WGOP
- Pocomoke City, Maryland; United States;
- Frequency: 540 kHz
- Branding: Sunny 106.5

Programming
- Format: Classic hits

Ownership
- Owner: The Waters Group, LLC

History
- First air date: August 1, 1955
- Last air date: April 1, 2025
- Former call signs: WDVM (1955–1959); WDMV (1959–2004);
- Call sign meaning: "Grand Old Party", a nickname for the Republican Party, owing to the station's former status as a conservative talk radio station

Technical information
- Licensing authority: FCC
- Facility ID: 5347
- Class: B
- Power: 500 watts day; 243 watts night;
- Transmitter coordinates: 38°3′11.44″N 75°34′9.73″W﻿ / ﻿38.0531778°N 75.5693694°W
- Translator: 106.5 W293DN (Pocomoke City)

Links
- Public license information: Public file; LMS;

= WGOP =

Radio station in Pocomoke City, Maryland, United States

WGOP (540 AM) was a commercial radio station licensed to Pocomoke City, Maryland, United States, that aired a classic hits format. It was owned by The Waters Group, LLC, and was also broadcast over low-power translator W293DN.

WGOP began broadcasting as WDVM on August 1, 1955, changing to WDMV in 1959. The station was a Top 40 outlet until switching to country music in 1980. In later years, it offered oldies music and sports talk programming. On August 18, 2022, the station was destroyed in an accidental fire; it was sold a year later. It briefly returned before leaving the air. Its broadcast license was canceled in 2026.

==History==
On January 19, 1955, the Federal Communications Commission (FCC) approved an application for a new 500-watt, daytime-only radio station on 540 kHz in Pocomoke City, Maryland, by G. Russell Chambers, trading as Eastern Shore Broadcasting Company. WDVM began to air on August 1 and was the second radio station on the Lower Eastern Shore. It was allowed to begin 1,000-watt broadcasting in 1957 but forfeited the authorization. The call sign was changed from WDVM to WDMV in 1959, after it was purchased by Ernest Tannen. An additional facility in Salisbury was added in 1962.

Tannen sold his radio holdings, which included WDMV and stations in Annapolis and Chester, Pennsylvania, in the 1970s to devote himself to other ventures. Leisure Time Communications acquired WDMV in 1973, followed by Mesta Communications in 1978. It switched from Top 40 to country music in 1980.

WDMV was silent for several years in the mid-1990s. The station used the WDMV call letters up until July 1, 2004, when it exchanged call signs with 700 kHz in Walkersville, Maryland, to become WGOP.

In April 2015, WGOP switched formats from oldies to sports talk, branded as SportsRadio 540. Later the format changed to classic country music and then back to oldies; it continued to air sports play-by-play, including Baltimore Orioles baseball.

On August 18, 2022, WGOP was destroyed by a fire caused by a faulty electrical wire in the attic of the studio building.
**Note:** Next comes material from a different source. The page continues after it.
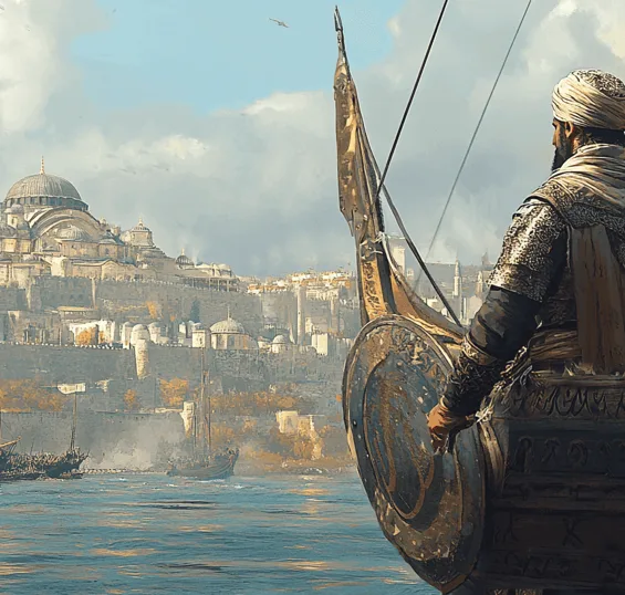 Civil war and palace intrigue within Byzantium shaped the earliest moves. The Arabs tried to exploit the empire’s chaos by allying with Leo III the Isaurian, a powerful general who seemed open to negotiation but ultimately deceived them to gain the throne and unite the city’s defense. As Maslama led the Umayyad army from Asia Minor into Thrace, they ravaged the countryside and cut Constantinople off from its hinterlands, surrounding it on land with dual siege walls. By early September, the full weight of the Arab fleet was brought to bear, aiming to block the city’s lifeline – the Bosphorus and Golden Horn – from seaborne support.

Fifty firefighters took three hours to put out the blaze. The building was not insured and was declared a total loss, but rebuilding was planned. On April 13, 2023, The Waters Group filed a $200,000 deal to purchase WGOP from Birach Broadcasting, along with a plan to operate WGOP under a time brokerage agreement until closing.

The FCC cancelled WGOP's license on September 3, 2026. It had previously issued a letter of inquiry to Waters after noting that the station had not operated under a valid special temporary authority since November 2024. Waters in 2025 had filed that the station had gone silent.

==Programming==
Over the years, the station was home to several formats. It once programmed an urban gospel format, as well as oldies, and country music. It simulcast WBEY-FM 97.9 when that station operated WGOP under a local marketing agreement. The Party Line on WBEY-FM was once simulcast on WGOP, until the station went to a sports radio format. Circa late 1950s "Mama's Country Youngin" Eddie Matherly was a popular WDMV personality.

In the early 1960s the station's music format "Delmarvarama" featured "America's Best Loved Music And Song". During that era the station promoted itself as "Big Signal Radio" in reference to its 540 AM frequency which in those days covered much of the lower and mid Eastern Shore with a strong signal. Its low frequency and abundance of water in the Eastern Shore area allowed the signal to blanket up to DC's southern suburbs, down to all of the Tidewater/Virginia Beach metro and into North Carolina.

Radio shows that formerly aired on both WBEY and WGOP include The Oldies but Goodies Show on Saturday nights, The Old Country and Bluegrass Show on Sunday nights and Light and Easy Cafe on Monday nights.